Task goal: The reply must contain exactly the lines below from the one with "1. Разработан специально" down to the one with "Суші-рис, норі, вершковий", both included, and nothing more; please omit the pictures.

Records for processing:

= = = = = = =

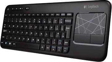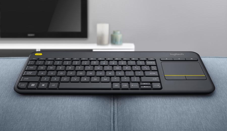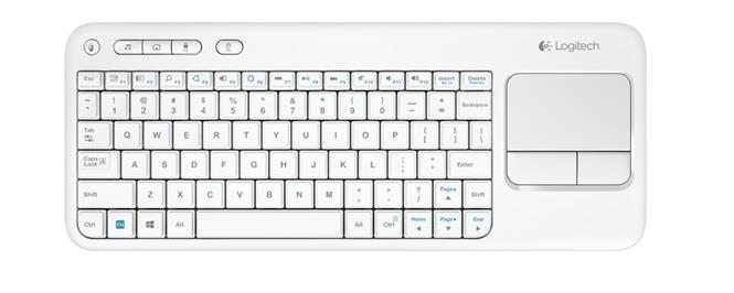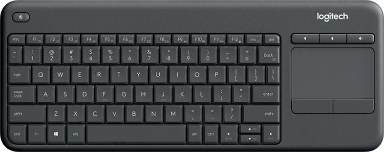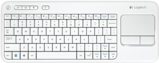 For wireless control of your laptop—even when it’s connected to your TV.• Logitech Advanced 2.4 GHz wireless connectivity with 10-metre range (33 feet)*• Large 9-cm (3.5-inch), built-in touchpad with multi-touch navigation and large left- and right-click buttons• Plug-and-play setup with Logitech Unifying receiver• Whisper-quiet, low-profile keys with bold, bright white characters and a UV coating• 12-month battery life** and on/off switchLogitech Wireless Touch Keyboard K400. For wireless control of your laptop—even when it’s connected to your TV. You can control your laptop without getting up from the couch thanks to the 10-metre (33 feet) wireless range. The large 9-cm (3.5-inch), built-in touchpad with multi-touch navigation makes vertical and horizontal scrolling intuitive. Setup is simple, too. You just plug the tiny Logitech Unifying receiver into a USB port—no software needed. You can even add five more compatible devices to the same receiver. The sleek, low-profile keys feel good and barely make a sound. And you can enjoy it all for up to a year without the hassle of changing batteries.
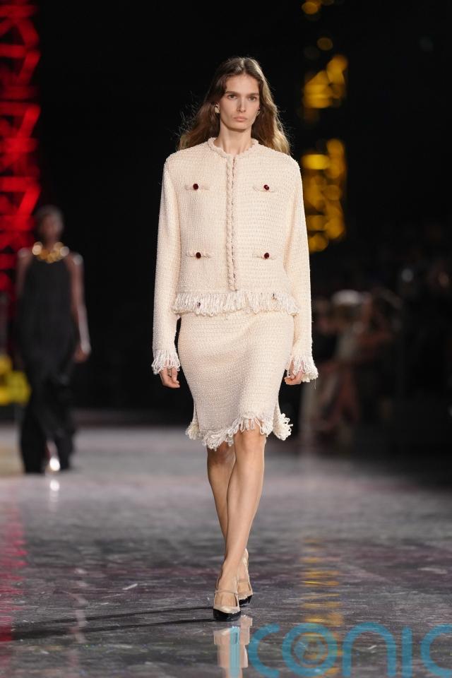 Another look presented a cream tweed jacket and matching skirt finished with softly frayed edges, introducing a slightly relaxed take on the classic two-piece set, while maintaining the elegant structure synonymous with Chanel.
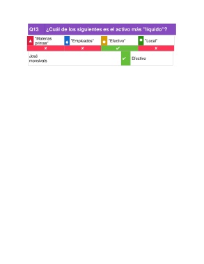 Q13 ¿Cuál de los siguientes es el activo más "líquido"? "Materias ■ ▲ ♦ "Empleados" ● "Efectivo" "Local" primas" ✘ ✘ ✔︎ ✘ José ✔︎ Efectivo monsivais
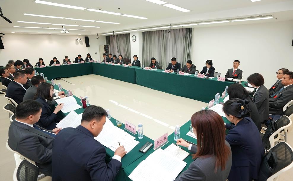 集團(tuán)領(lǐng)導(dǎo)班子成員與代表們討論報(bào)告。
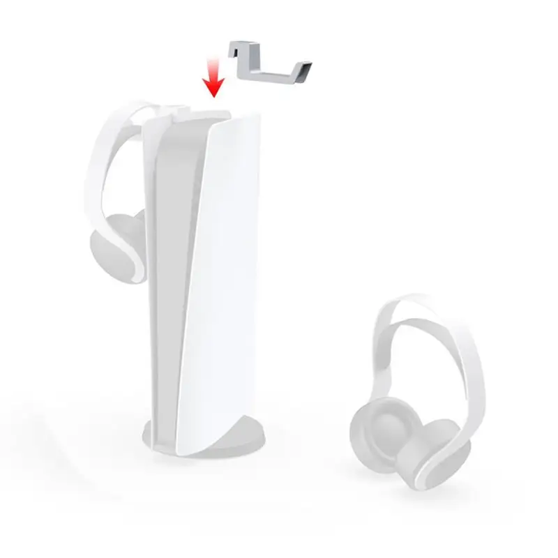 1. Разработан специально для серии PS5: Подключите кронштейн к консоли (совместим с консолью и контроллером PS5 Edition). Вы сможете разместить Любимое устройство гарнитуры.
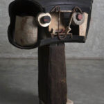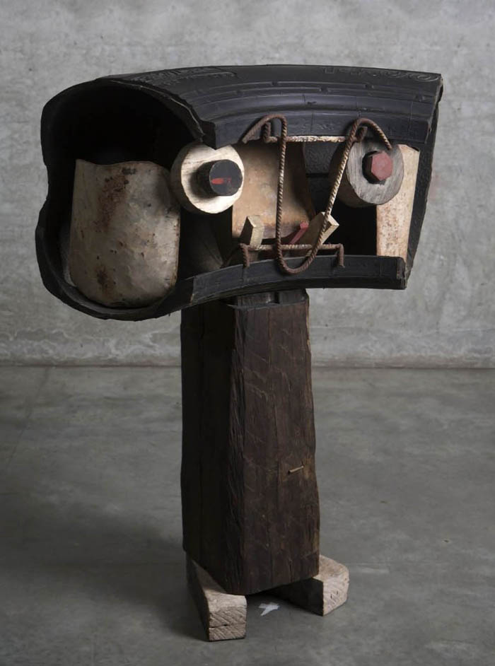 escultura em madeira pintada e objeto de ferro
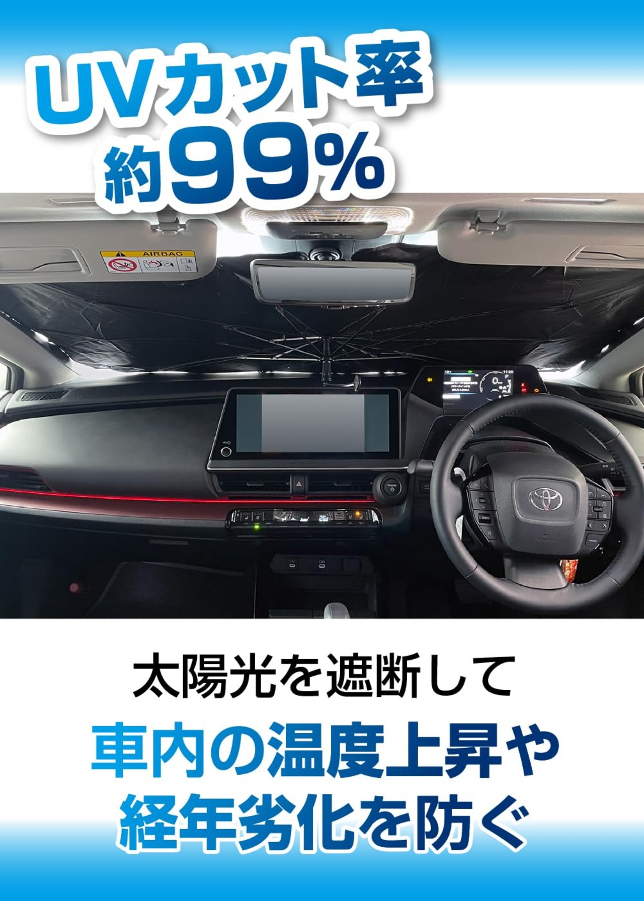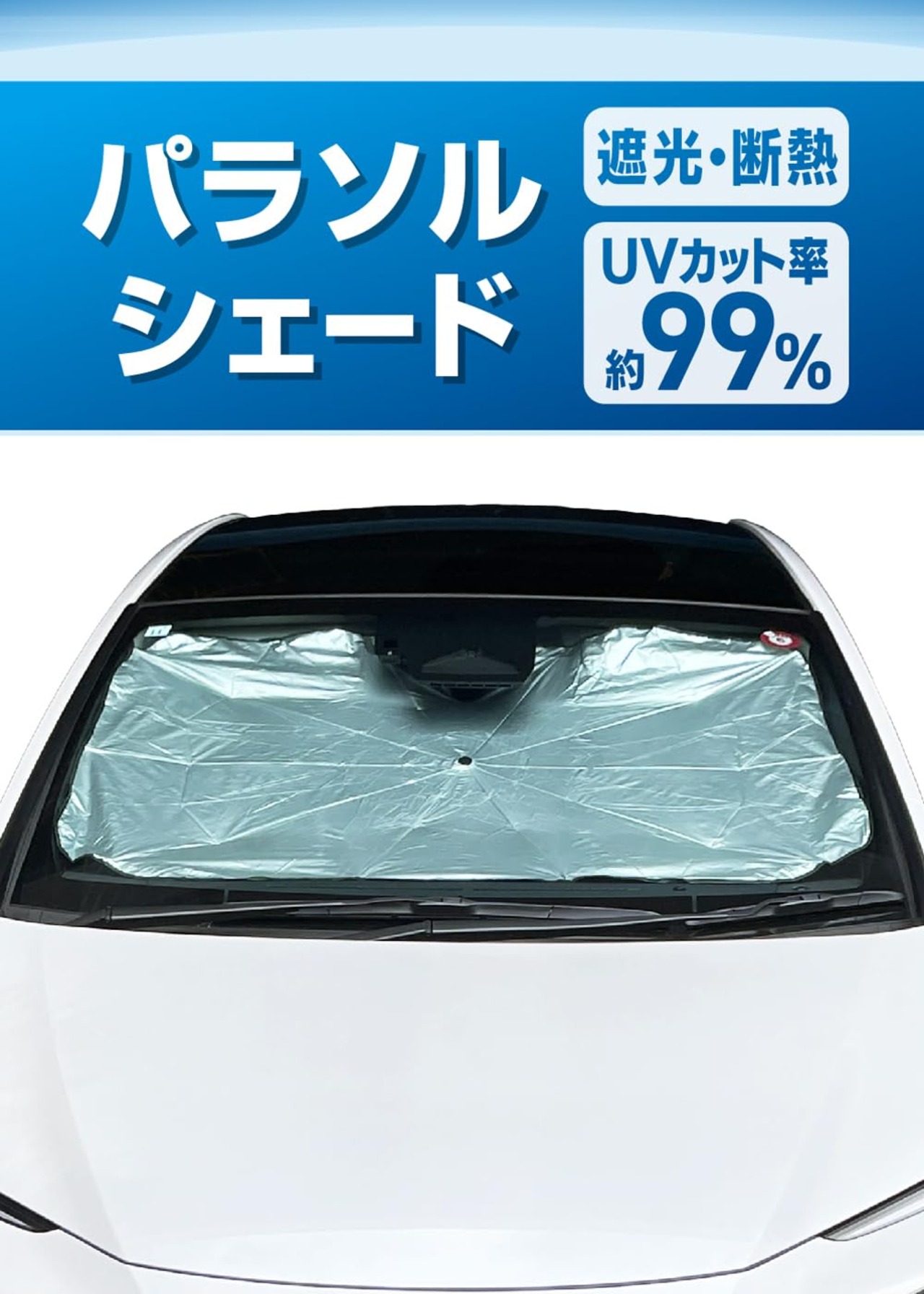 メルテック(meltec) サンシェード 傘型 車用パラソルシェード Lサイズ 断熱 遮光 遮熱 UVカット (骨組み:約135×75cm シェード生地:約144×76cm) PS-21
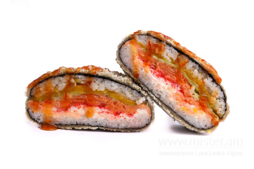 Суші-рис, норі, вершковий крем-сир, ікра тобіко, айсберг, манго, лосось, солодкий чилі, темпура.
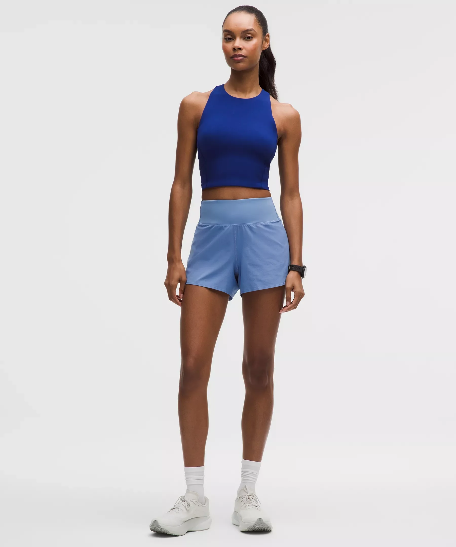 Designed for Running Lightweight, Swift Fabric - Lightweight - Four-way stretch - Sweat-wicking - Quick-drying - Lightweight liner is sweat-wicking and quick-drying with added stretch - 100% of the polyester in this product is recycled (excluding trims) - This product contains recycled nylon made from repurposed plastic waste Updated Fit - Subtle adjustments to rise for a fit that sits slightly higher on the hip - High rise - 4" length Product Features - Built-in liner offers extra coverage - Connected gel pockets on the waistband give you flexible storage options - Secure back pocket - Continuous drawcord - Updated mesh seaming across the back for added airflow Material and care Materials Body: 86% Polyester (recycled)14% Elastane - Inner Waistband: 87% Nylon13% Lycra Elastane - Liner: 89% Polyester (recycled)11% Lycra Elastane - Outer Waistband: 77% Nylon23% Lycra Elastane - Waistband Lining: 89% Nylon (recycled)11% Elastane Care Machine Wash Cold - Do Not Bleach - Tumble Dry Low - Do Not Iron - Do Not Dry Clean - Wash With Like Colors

= = = = = = =

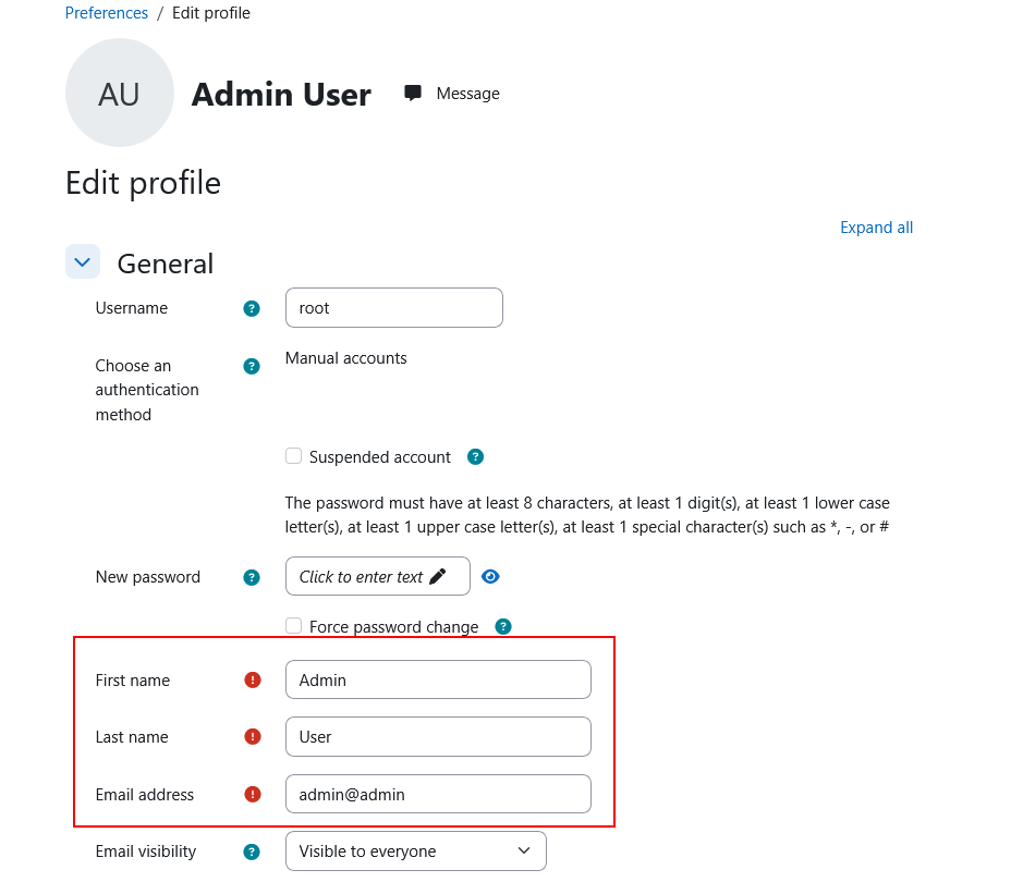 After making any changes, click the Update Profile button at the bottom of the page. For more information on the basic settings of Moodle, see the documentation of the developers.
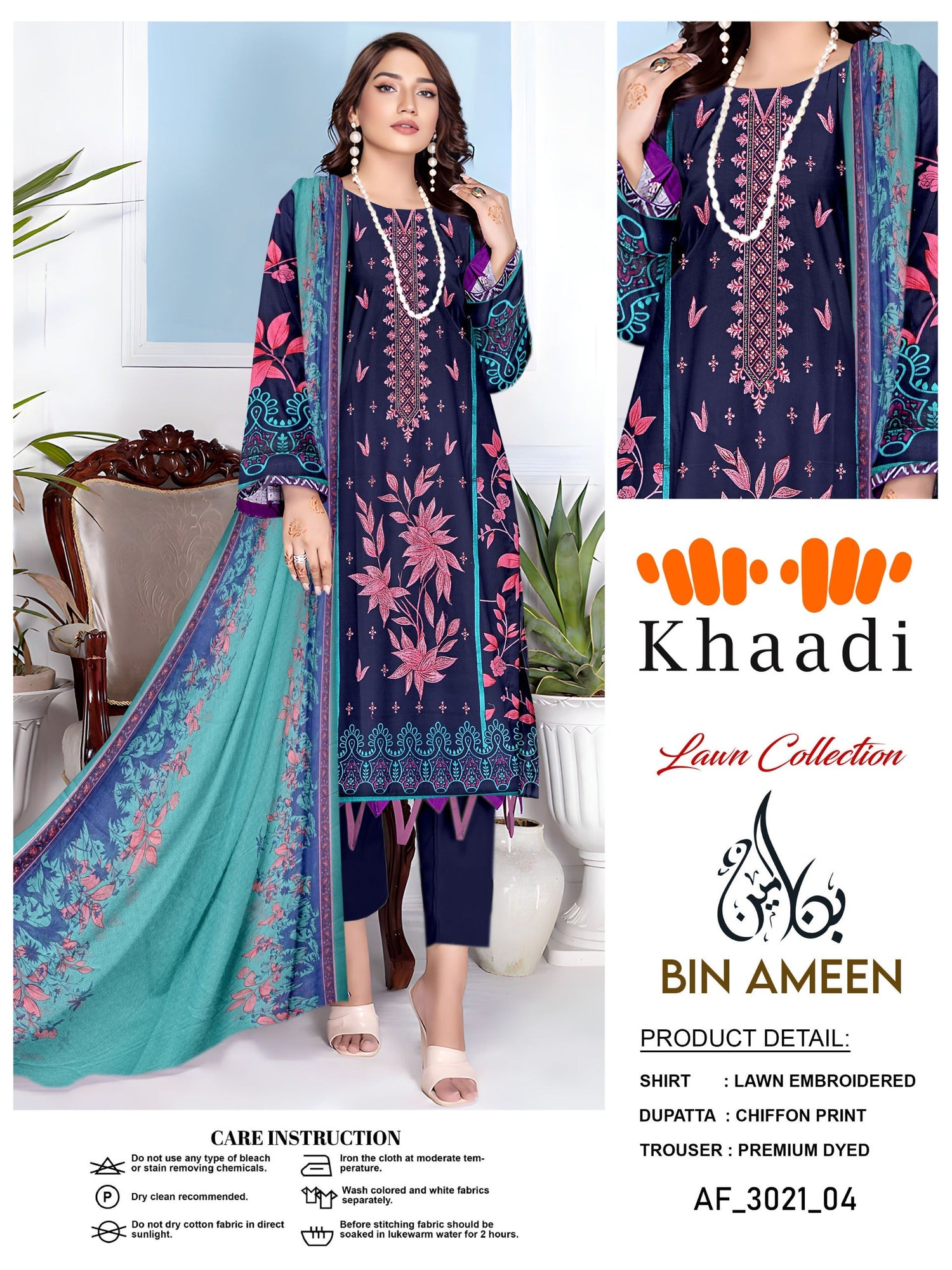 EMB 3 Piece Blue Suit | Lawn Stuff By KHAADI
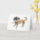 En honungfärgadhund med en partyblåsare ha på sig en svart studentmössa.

= = = = = = =

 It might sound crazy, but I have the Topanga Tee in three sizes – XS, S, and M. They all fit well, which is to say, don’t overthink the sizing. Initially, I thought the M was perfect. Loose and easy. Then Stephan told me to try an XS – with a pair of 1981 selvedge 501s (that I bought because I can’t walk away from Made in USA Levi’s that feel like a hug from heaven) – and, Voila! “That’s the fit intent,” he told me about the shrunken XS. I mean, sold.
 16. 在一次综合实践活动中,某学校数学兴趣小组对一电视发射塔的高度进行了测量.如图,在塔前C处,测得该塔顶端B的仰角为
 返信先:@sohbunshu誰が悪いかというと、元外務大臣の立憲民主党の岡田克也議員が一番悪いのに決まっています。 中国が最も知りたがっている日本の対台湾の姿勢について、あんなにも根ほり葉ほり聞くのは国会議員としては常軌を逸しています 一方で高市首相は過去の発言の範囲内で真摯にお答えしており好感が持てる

= = = = = = =

Result:
 1. Разработан специально для серии PS5: Подключите кронштейн к консоли (совместим с консолью и контроллером PS5 Edition). Вы сможете разместить Любимое устройство гарнитуры.
 escultura em madeira pintada e objeto de ferro
 メルテック(meltec) サンシェード 傘型 車用パラソルシェード Lサイズ 断熱 遮光 遮熱 UVカット (骨組み:約135×75cm シェード生地:約144×76cm) PS-21
 Суші-рис, норі, вершковий крем-сир, ікра тобіко, айсберг, манго, лосось, солодкий чилі, темпура.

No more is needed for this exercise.